Tag Archives: magical realism

All the Crooked Saints, by Maggie Stiefvater

All the Crooked SaintsThe Soria family was driven from their home in Mexico because the people there were afraid of their magical powers, so they settled in the Colorado desert in a place they call Bicho Raro. Pilgrims come from all over the world to ask for a miracle. The first half of the miracle is that the saint will make your darkness visible in concrete form. The second half of the miracle is distressingly difficult and sometimes endless: the pilgrim has to find a way to deal with his own darkness before he is healed, with no help at all from the saint, the saint’s family, or anyone who loves a Soria. If the saint tries to help the pilgrim, his own darkness will come out, and a Soria’s darkness is much, much worse than any pilgrim’s.

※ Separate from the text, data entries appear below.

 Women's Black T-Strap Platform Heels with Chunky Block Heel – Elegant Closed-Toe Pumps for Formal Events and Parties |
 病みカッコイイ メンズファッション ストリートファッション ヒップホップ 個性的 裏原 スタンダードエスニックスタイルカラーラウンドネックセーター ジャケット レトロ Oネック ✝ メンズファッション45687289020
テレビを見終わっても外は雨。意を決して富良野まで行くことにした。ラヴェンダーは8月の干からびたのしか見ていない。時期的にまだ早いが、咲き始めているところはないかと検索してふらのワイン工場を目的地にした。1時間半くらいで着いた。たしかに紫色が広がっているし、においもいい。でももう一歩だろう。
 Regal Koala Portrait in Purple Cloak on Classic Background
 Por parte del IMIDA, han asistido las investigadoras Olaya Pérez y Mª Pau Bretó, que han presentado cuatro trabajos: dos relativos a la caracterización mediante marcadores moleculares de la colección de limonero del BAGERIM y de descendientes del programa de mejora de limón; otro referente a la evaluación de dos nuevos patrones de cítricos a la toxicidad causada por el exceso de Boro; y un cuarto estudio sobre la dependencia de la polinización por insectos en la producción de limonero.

Joaquin Soria and his cousin Beatriz run an AM radio station from the back of a box truck that has been abandoned in the desert. Their cousin, Daniel, is the current saint of Bicho Raro. Pete Wyatt is on his way to Bicho Raro, because he has been promised that he can work for the Sorias in exchange for a certain box truck. Unfortunately, Pete is bringing disaster along with him.

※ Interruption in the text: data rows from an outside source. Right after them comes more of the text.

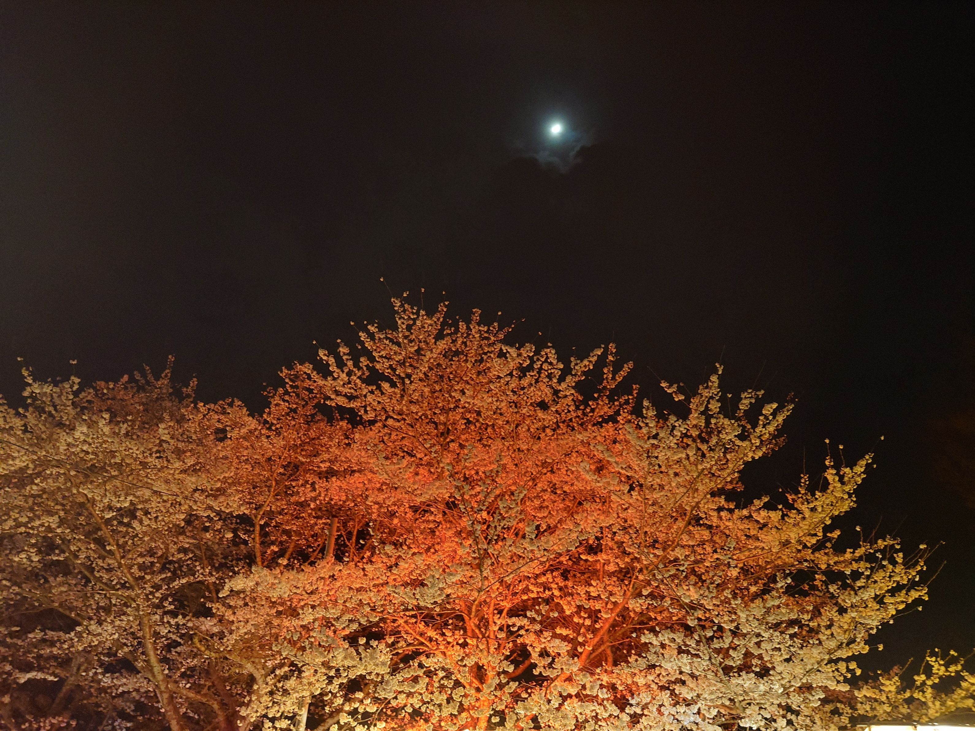 屋台の灯りに照らされた夜桜
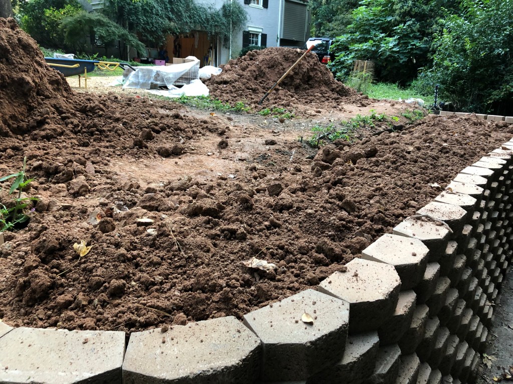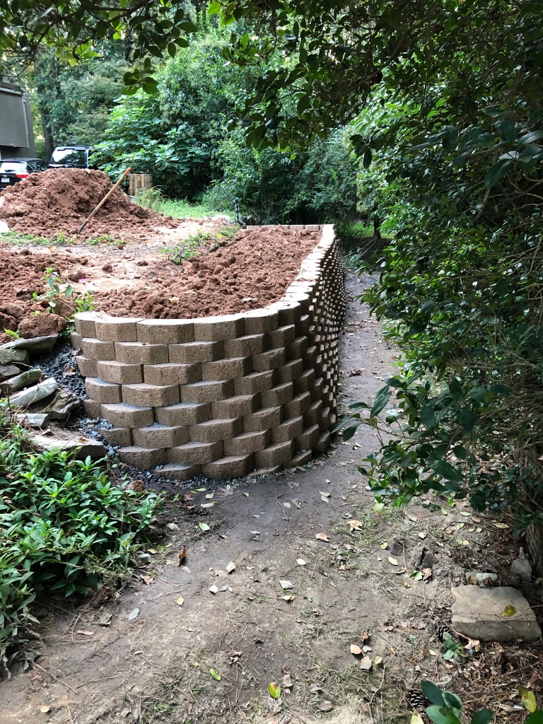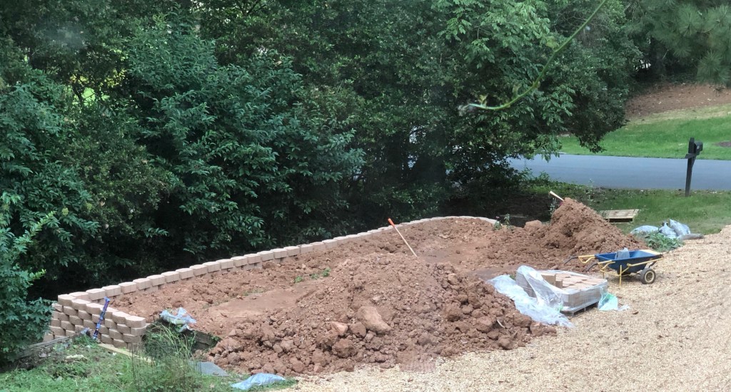 Posted: October 21, 2020 Filed under: Uncategorized 1 CommentPlanning out this garden project I chunked it into four sections. The first was expanding the flat surface by 100 percent by building a forty foot retaining wall that was four feet high. This was the most physical part of the project, the most boring and the one I did mostly alone. The building was not that boring, but the shoveling the clay fill dirt was hell. I calculate I shoveled 72,000 pounds thanks to the rainy days soaking the dirt.
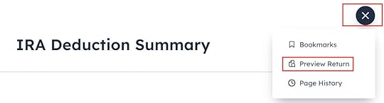 Taxable IncomeYou’re done with the 1099-R forms. Let’s look at how they show up on your tax return. Click on the three dots on the top right above the IRA Deduction Summary and then click on “Preview Return.”

True confession: I have been a Maggie Stiefvater fan for years. If she writes it, I will read it. I had no idea how she could follow the spectacular success of her “Raven Cycle” series, but I can tell you now that she did it by changing gears completely. All the Crooked Saints is a love letter to Gabriel Garcia Marquez, Isabel Allende, and all of the other South American writers for whom the veil between the rational world and the world of infinite possibilities is gossamer-thin. Stiefvater’s new work is soaked in magical realism, which means that I am all in from page one. However, the old-world feel of this 1960s story is also shot through with Maggie’s own sly, winking humor. Brilliantly conceived characters and a complex, desperate plot are told through a filter woven of Latino culture and the intricacies of a singular family legacy.

This novel will be available in October, 2017. Highly recommended.

Disclaimer: I read a signed advance reader copy of this book, which I obtained at SLJ’s Day of Dialog. Opinions expressed are solely my own and may not reflect those of my employer or anyone else.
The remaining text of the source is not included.